Роттенбург был совершенно безлюден, добропорядочные бюргеры и даже полицейские спали без задних ног, только часы где-то в вышине, вероятно на ратуше, мерно отбивали раз и навсегда установленные промежутки времени, беспрерывно трещали в окрестных садах цикады, а за всей этой картиной безмолвно наблюдал великан Аргус
[47]— тысячеокое южное небо. Наконец, утомившись, Арсений заснул возле какой-то глухой каменной преграды, а когда открыл глаза, в округе уже пели петухи, светало. Оказалось, что он задремал у старинной крепостной стены. Сеня поспешил подняться наверх по крутой винтообразной лестнице. Зрелище просыпающегося города стоило того, чтобы проделать долгий путь из Веймара и скоротать ночь на улице. Маленький Роттенбург, который можно было обойти целиком по городской стене, расположенный на холмах в окружении густых дубрав, являл собой сказочное зрелище. Казалось, время здесь давно остановилось.
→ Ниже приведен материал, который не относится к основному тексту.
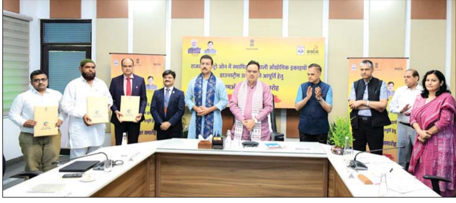
मुख्यमंत्री भजनलाल शर्मा की उपस्थिति में रविवार को बालोतरा स्थित राजस्थान पेट्रो जॉन में डाउनस्ट्रीम उत्पादों की आपूर्ति सुनिश्चित करने के लिए एचपीसीएल रिफाइनरी, उद्योग एवं वाणिज्य विभाग तथा उद्योगों के बीच 18 त्रिपक्षीय समझौते हुए।

मुख्यमंत्री की उपस्थिति में एचपीसीएल उद्योग विभाग व उद्योगों के बीच 18 त्रिपक्षीय समझौते हुए
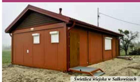
Świetlica wiejska w Salkowicach
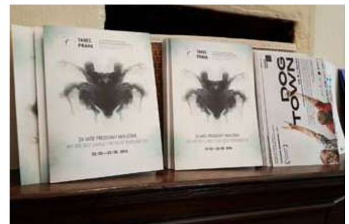
Roznos tiskovin po kavárnách a spřátelených institucích
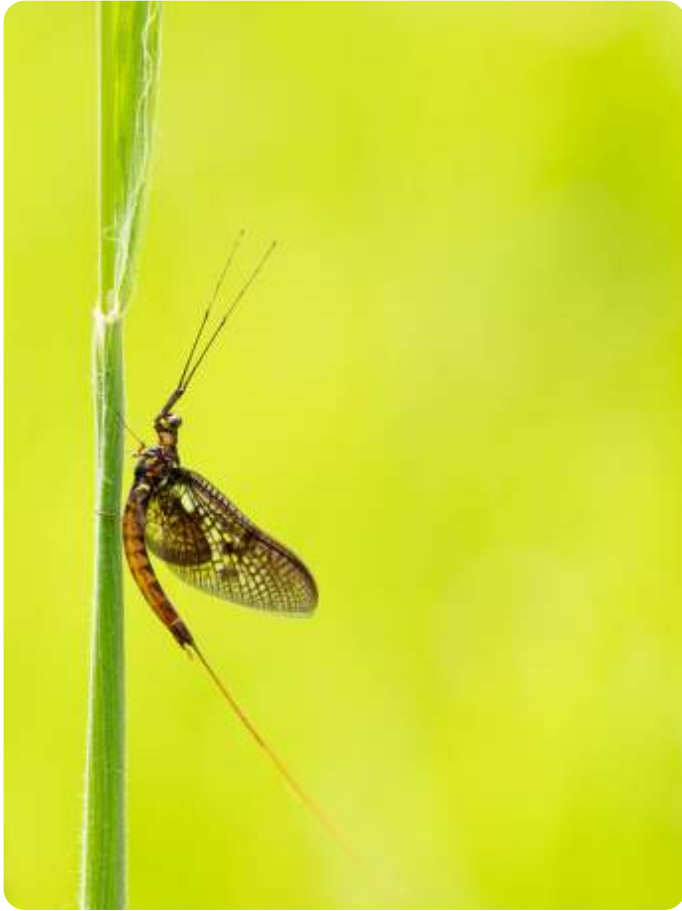
Needse Achterveld - Anouk Nijkamp

Deze prachtige foto van een insect werd gemaakt door Anouk in het Needse Achterveld. Door voldoende ruimte en een laag diafragma getal (f-getal) ontstaat er een kleine scherptediepte. Het onderwerp wordt scherp en alles eromheen vaag, waardoor het insect er echt uit springt.

В центре возвышалась ратуша с позеленевшим шпилем, рядом, как водится, была рыночная площадь, а все пространство вокруг заполняли теснившиеся друг к другу островерхие красные черепичные крыши, кое-где с флюгерами на коньках и разной высоты крестоносные церковные шпили.XI
Одна из узеньких улочек приковала внимание Арсения: она взбиралась вверх, и не было видно, что же там дальше, на горе. Он спустился по лестнице, скрывавшейся в крепостной башне, и оказался прямо напротив мощеного подъема. Пройдя буквально несколько домов с узкими фасадами, он оказался на пересечении с другой улицей. Старый четырехэтажный дом, впрочем свежеоштукатуренный, привлек его внимание тем, что на углу перекрестка становился уже двухэтажным. Внутри у Арсения что-то шевельнулось: «А я ведь такое где-то видел!»